Chartering Special Education

, Spencer Irvine, Leave a comment

The state of New York discovered that special needs students are not enrolling in charter schools as much as they are in public schools, and immediately thought that the charter schools were to blame. However, A study by the Manhattan Institute and the Center on Reinventing Public Education (CRPE) found that students with disabilities are less likely to enroll in charter schools.

Charter schools tend to reclassify special needs students out of the program. This reclassification helps explain at least 80% of recent growth in this gap, while the other 20% was due to students transferring between charter and public schools. When more general education students enter elementary education, their entrance automatically reduces the proportions of special needs students in comparison to the general population. It is not, as some alleged, a decrease in the enrollment of students with disabilities.

But, there is a lot of mobility among special needs students and it does not depend on whether they attend public or charter schools.
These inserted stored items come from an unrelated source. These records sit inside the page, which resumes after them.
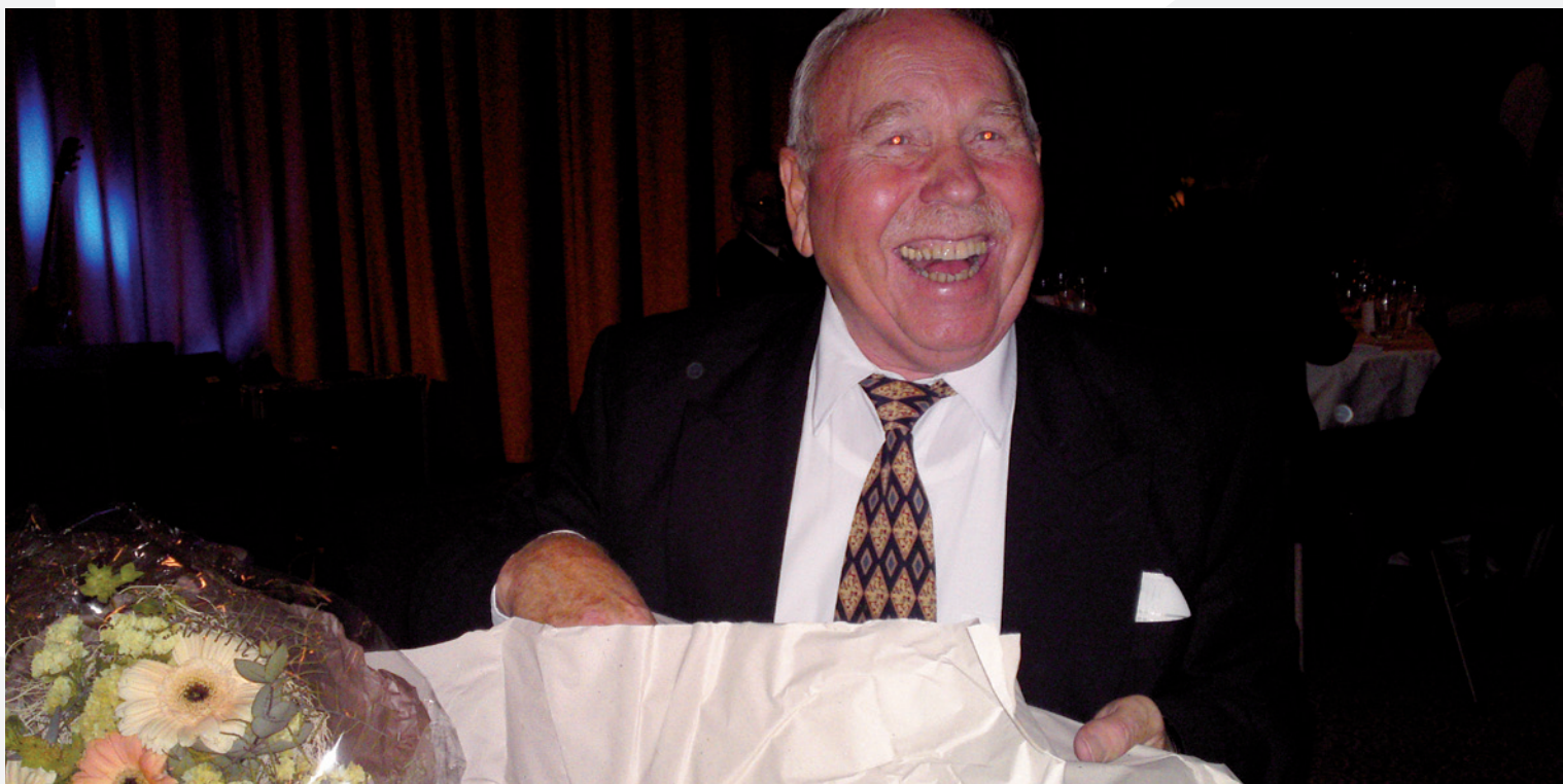
Jubilantene våre storkoste seg på avdelingens festmiddag.
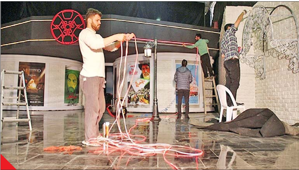
فریدون جبرانی در حال بستن دکور برنامه هفت

تمام اینها «هفت» با اجرای جبرانی بعد از سه سال از آغاز پخش متوقف و اعلام شد شخص دیگری اجرای برنامه را ادامه خواهد داد.
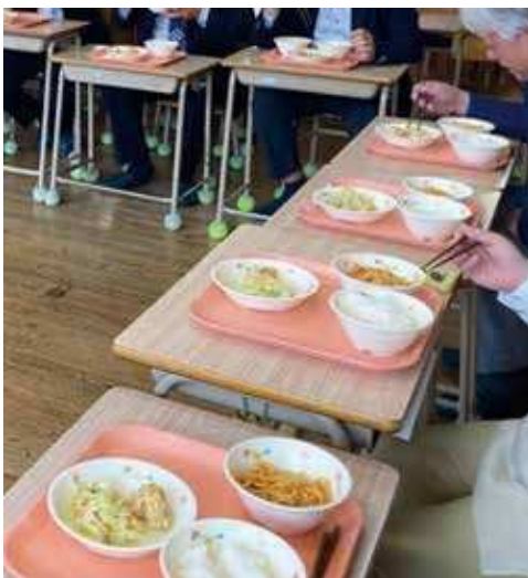
給食試食会の様子
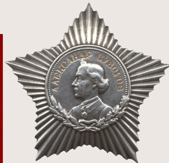
Орден Александра Суворова 3-й степени
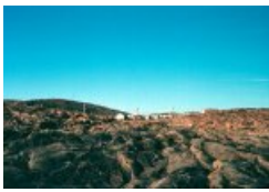
Village du Nord-québécois

Au Québec, le Nord est omniprésent, et il n'est pas " un monde lointain situé à gauche du soleil levant », affirme Louis-Edmond Hamelin , homme de terrain tout autant qu'intellectuel, après 50 années de recherches dans la zone circumpolaire.
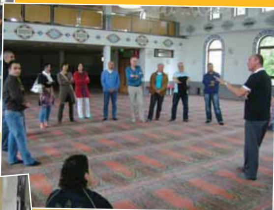
Directeuren op moskeebezoek
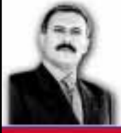
علي عبدالله صالح رئيس الجمهورية
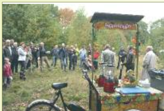
Na de officiële opening van de Vaag kon je bij de Sappentrappen je eigen gezonde sapje trappen voor de fruitige receptie.
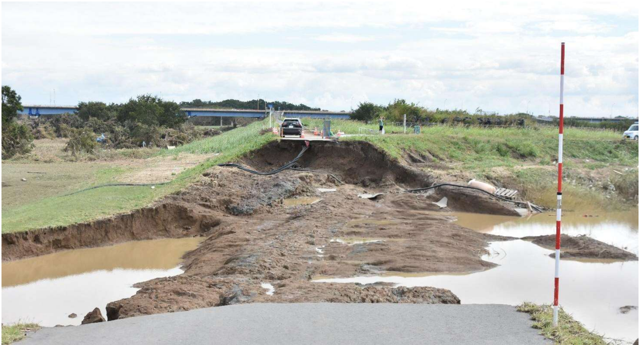
令和元年10月 越辺川堤防決壊箇所（川越市大字平塚新田地内）
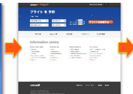
「Jetstar Business Hub」ホーム画面
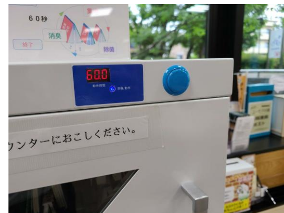
③ ドアを閉め、右上にあるスタートボタンを押します（タイマーに作業完了までの時間が表示されます）。
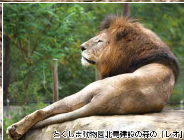
とくしま動物園北島建設の森の「レオ」

とくしま動物園北島建設の森に待望の雌ライオンが仲間入りすることになりました。これまでライオンは雄の「レオ」だけでしたが、今後は2頭が仲良く生活する姿や、赤ちゃんの誕生が期待されます。
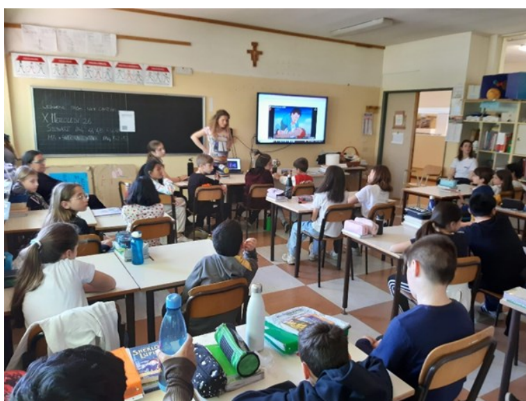
Foto di fine anno scolastico

I ragazzi hanno interagito positivamente gratificandoci per l'impegno che ormai da molti anni dedichiamo a questo progetto. Siamo certi che molti giovani, che nel corso degli anni sono diventati Donatori di Sangue, hanno maturato questa decisione facendo germogliare quel "seme" che abbiamo seminato con i nostri incontri. Per tale motivo, e con questa convinzione, continueremo a farlo.
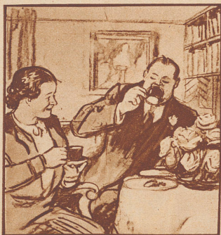
„Jetzt bin ich so weit: von heut an stecke ich das Rauchen auf.“ „Soll ich's glauben?“
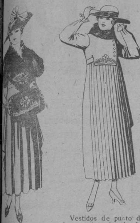
Vestidos de punto de lana azul y color, bordados, cue'lo piel. De pesetas 95 a 107. Vestidos de pieles: neblina Renard. De pesetas 58.
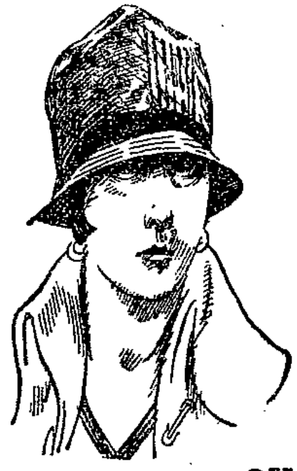
Fescher jugendlicher Hut, in Moiré . . . . . 2,75

Der ERFOLG unserer Werbe-Tage veranlaßt uns zur VERLÄNGERUNG Wir bieten größte Vorteile
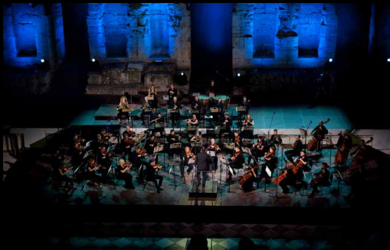
Εθνική Συμφωνική Ορχήστρα της ΕΡΤ
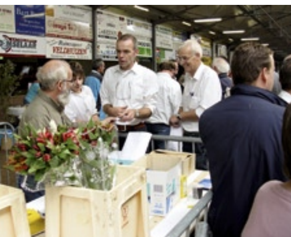
De organisatie had haar handen vol.

Op 18 september werd in manege Voorwaarts in Kootwijkerbroek de landelijke certificaatwaardige keuring gehouden. De organisatie, Stichting Landelijke Geitenkeuring, had de manege prachtig omgetoverd tot een keuringsarena. Ook dit jaar waren er gasten uit Duitsland, België en Engeland. Zij waren na afloop onder de indruk van de kwaliteit van de aanwezige geiten.
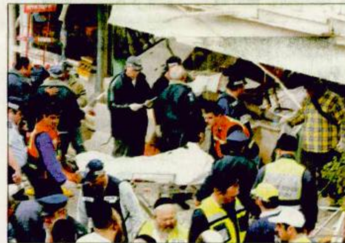
استخراج إحدى الجثث من جراء العملية الاستشهادية

وصرح رئيس جهاز الأمن الوقائي الفلسطيني العقيد جبريل الرجوب لووكالة فرانس برس أن الاسرائيليين اعدموا في المساء ثلاثين فلسطينياً داخل مبني في وسط رام الله واعتبر انه اغتيال جماعي.
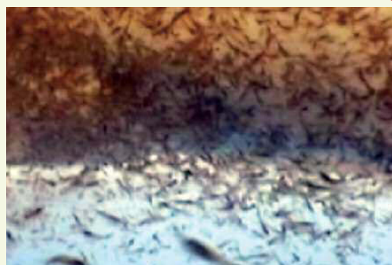
Fig. 5. Piccola porzione di un enorme sciame di Euphausia superba .
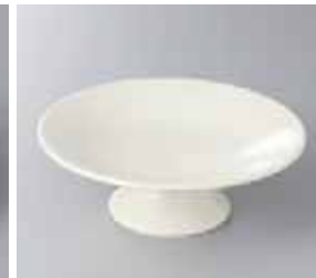
47-19-22G 1,600円 クリーム5.0高台皿 16.5×5.5cm
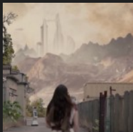
Algorithm – Quentin Dupuy musique originale
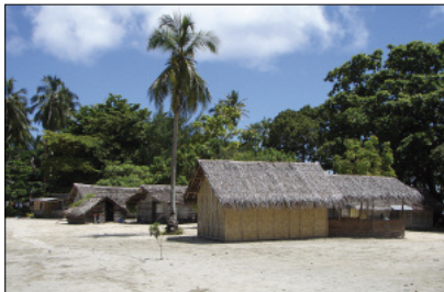
Un village côtier (Yugemène, Hiw, Torres)

Ce livret propose d'accompagner le lecteur dans ce voyage musical. Après avoir évoqué la place de la musique dans les sociétés du Vanuatu, nous présenterons leurs instruments de musique et décréterons l'art de la poésie chantée. Enfin, l'auditeur pourra suivre le déroulé de l'album et le détail des 41 pièces à la découverte de l'univers musical de l'archipel.
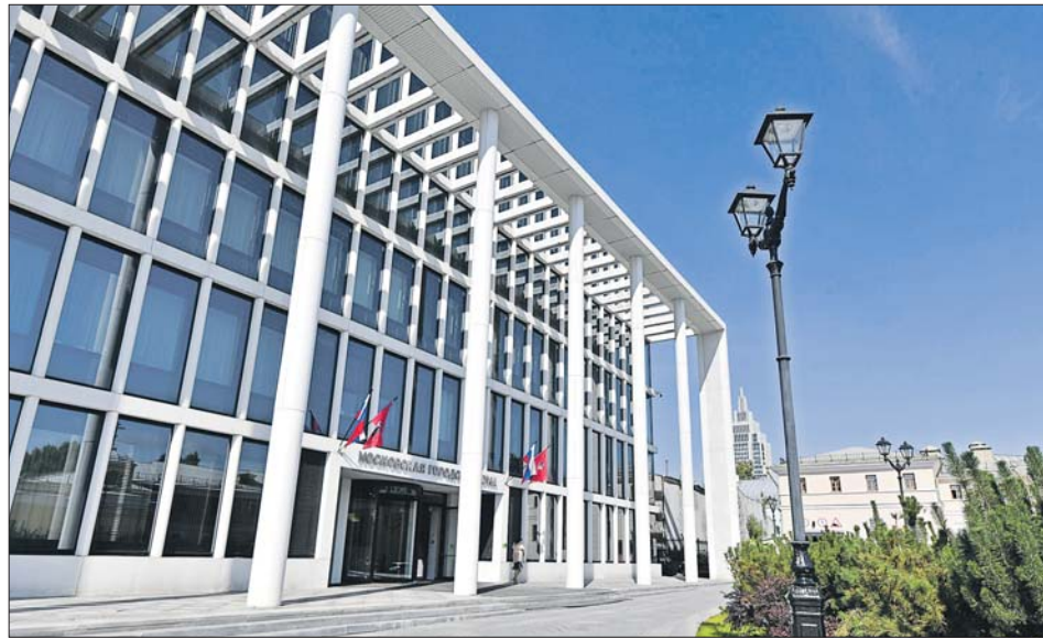
6-8 сентября нам предстоит выбрать депутатов Московской городской думы 8-го созыва

— Мы не наблюдаем никаких скандалов, столкновений. И в этом смысле все зарегистрированные кандидаты достаточно однозначно понимают работу с избирателем и, соответственно, двигаются к до-
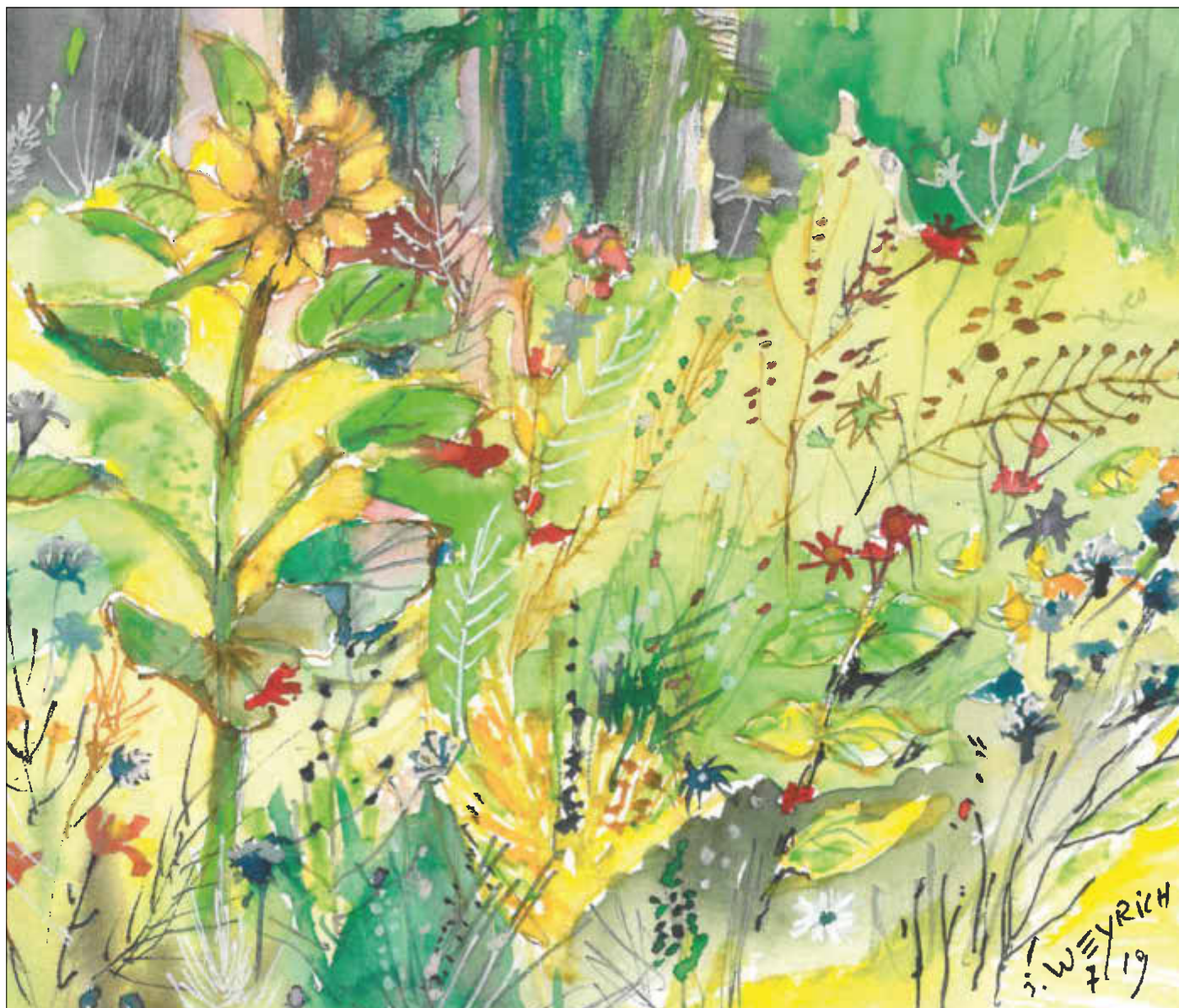
Aquarell von Joachim Weyrich
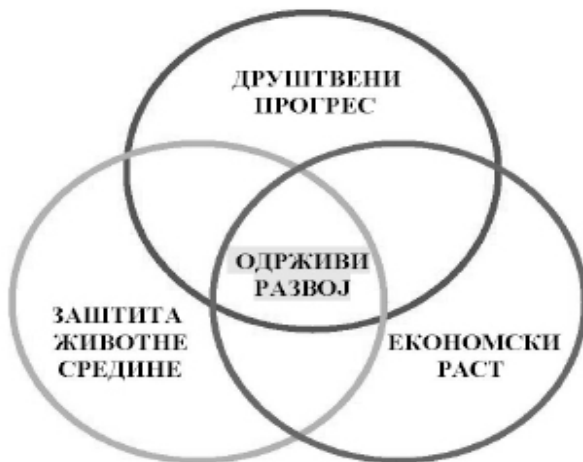
Слика 1. Концепт одрживог развоја у форми концентричних кругова (три стуба одрживости - економија, друштво и животна средина)
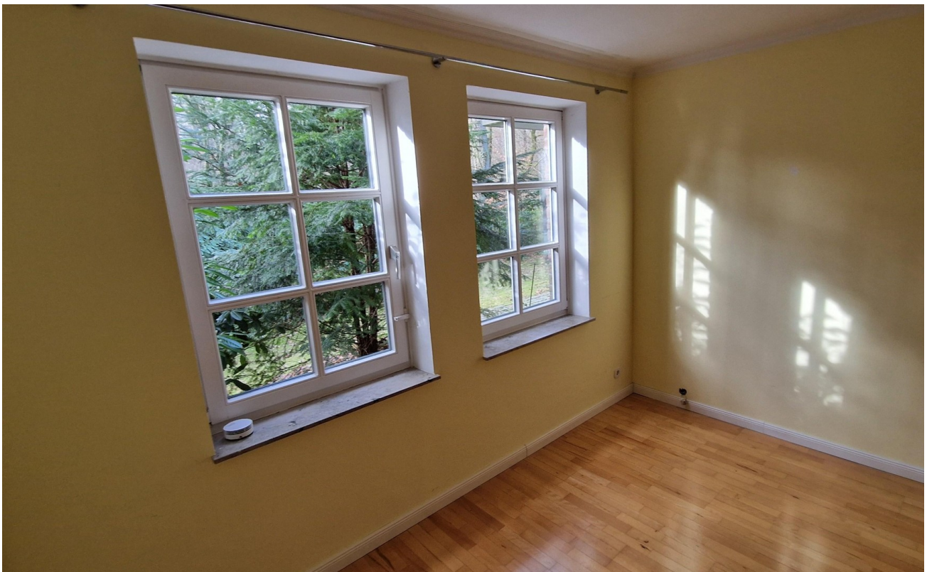
Zimmer 22 qm
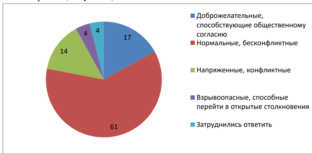
Рисунок 1. Каковы, на Ваш взгляд, отношения между людьми различных национальностей в Югре? ХМАО, 2019, %

Мансийском автономном округе – Югре, в 2019 г. должно составить – 73 %, а к моменту окончания её действия должно увеличиться до 82 %. Как выяснилось, по данным опроса оценки межнациональной ситуации, сложившейся в округе, выглядят следующим образом (Рисунок 1).
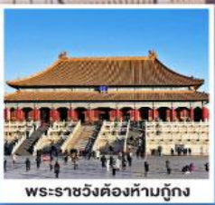
พระราชวังต้องห้ามปักกิ่ง
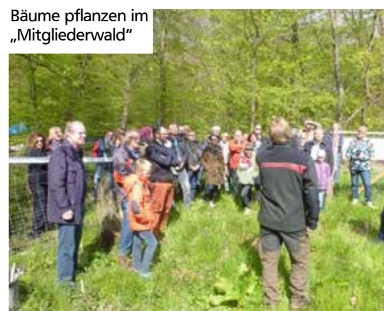
Bäume pflanzen im „Mitgliederwald“
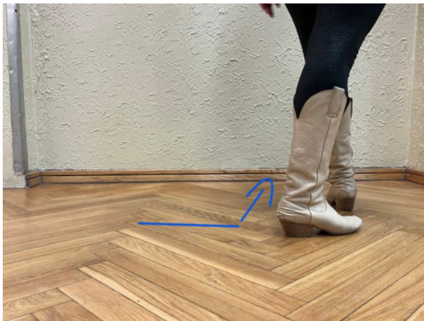
Obr. 20.: shufle pravá, step rock

7&-8 nášlap levou nohou dopředu s osmdesáti procenty váhy těla
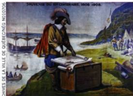
SOURCE : SOUVENIR DU 100 e CENTENAIRE, 1868-1908. CHAMPLAIN TRACANT LE PLAN DE QUÉBEC (GRAVURE), (CA. 1908)

L'exposition Foules d'archives ouvre pour la première fois les riches fonds des Archives de la ville de Québec et s'accompagne de plusieurs activités sur l'histoire de la capitale. À l'initiative de l'Institut canadien de Québec, et en lien avec le 400 e , cette exposition-événement se tiendra à la bibliothèque Saint-Jean-Baptiste, sur le site patrimonial du Parc-de-l'Artillerie, ainsi que
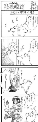
※向やにちがひしきユウキんごしよ
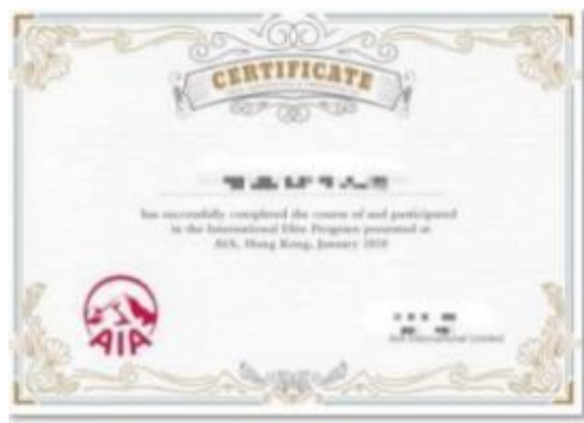
香港实习证明(样例)
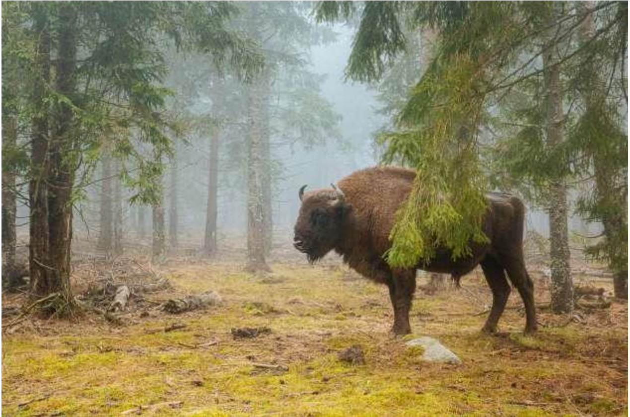
La réserve de bisons d'Europe, à Sainte-Eulalie-en-Margeride.
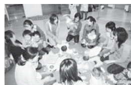
子育て広場の新設

◎ 3～5ページでは、「地域発信！ふるさと便」として各地域づくり組織からの活動状況などをお知らせします。今回は6地域をご紹介します、次回は、来年3月ごろに9地域からの情報をお届けする予定です。お楽しみに！
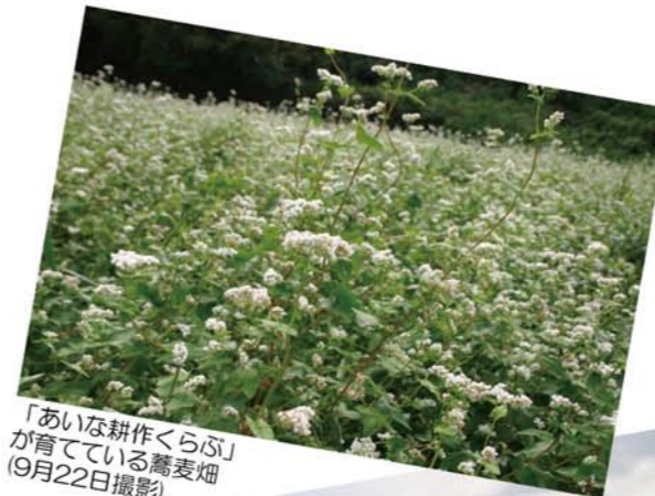
「あいな耕作くらぶ」が育てている蕎麦畑 (9月22日撮影)
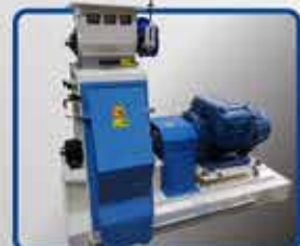
· SISTEMAS DE MOLIENDA HORIZONTAL
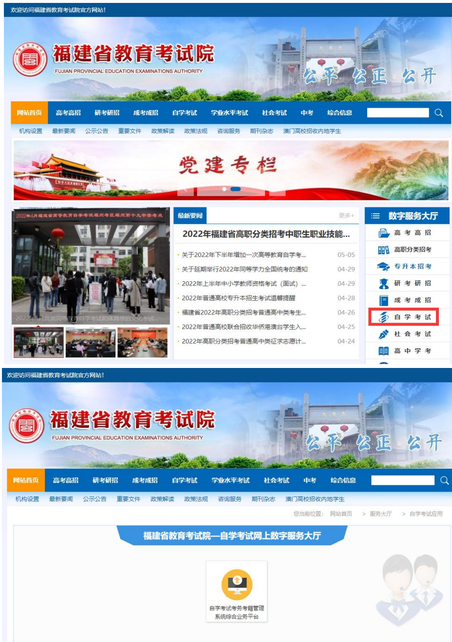
图 1.1 登陆福建省教育考试院 www.eeafj.cn ，点击“自学考试”图标进入“福建省高等教育自学考试考务考籍管理系统”。

登陆“福建省教育考试院 www.eeafj.cn ”——数字服务大厅，选择“自学考试”进入数字服务大厅，点击进入“福建省高等教育自学考试考务考籍管理系统”。

According to the study, a third of charter school students who receive special education leave their charter school by their fourth year, while a third of public school students who receive similar services leave before their fourth year.

The study also saw an increase in Individualized Education Programs (IEP, or the special education program) over time in the group of special needs students in both charter and public schools. The overall change in both schools for IEP students was 1.2 percent.

And, adding to that, more students with disabilities apply to public schools over charter schools. For example, in the 2009-9 year, 12.6% of students who applied to public schools had special needs while 5.7%  of the students who applied to charter schools had such needs. Even though the percentage of special needs students increases over time to 2012-13, it is still less than the amount of students with special needs who apply to public schools with an average difference of 7.625% between public and charter schools.

 

Spencer Irvine is a staff writer at Accuracy in Academia.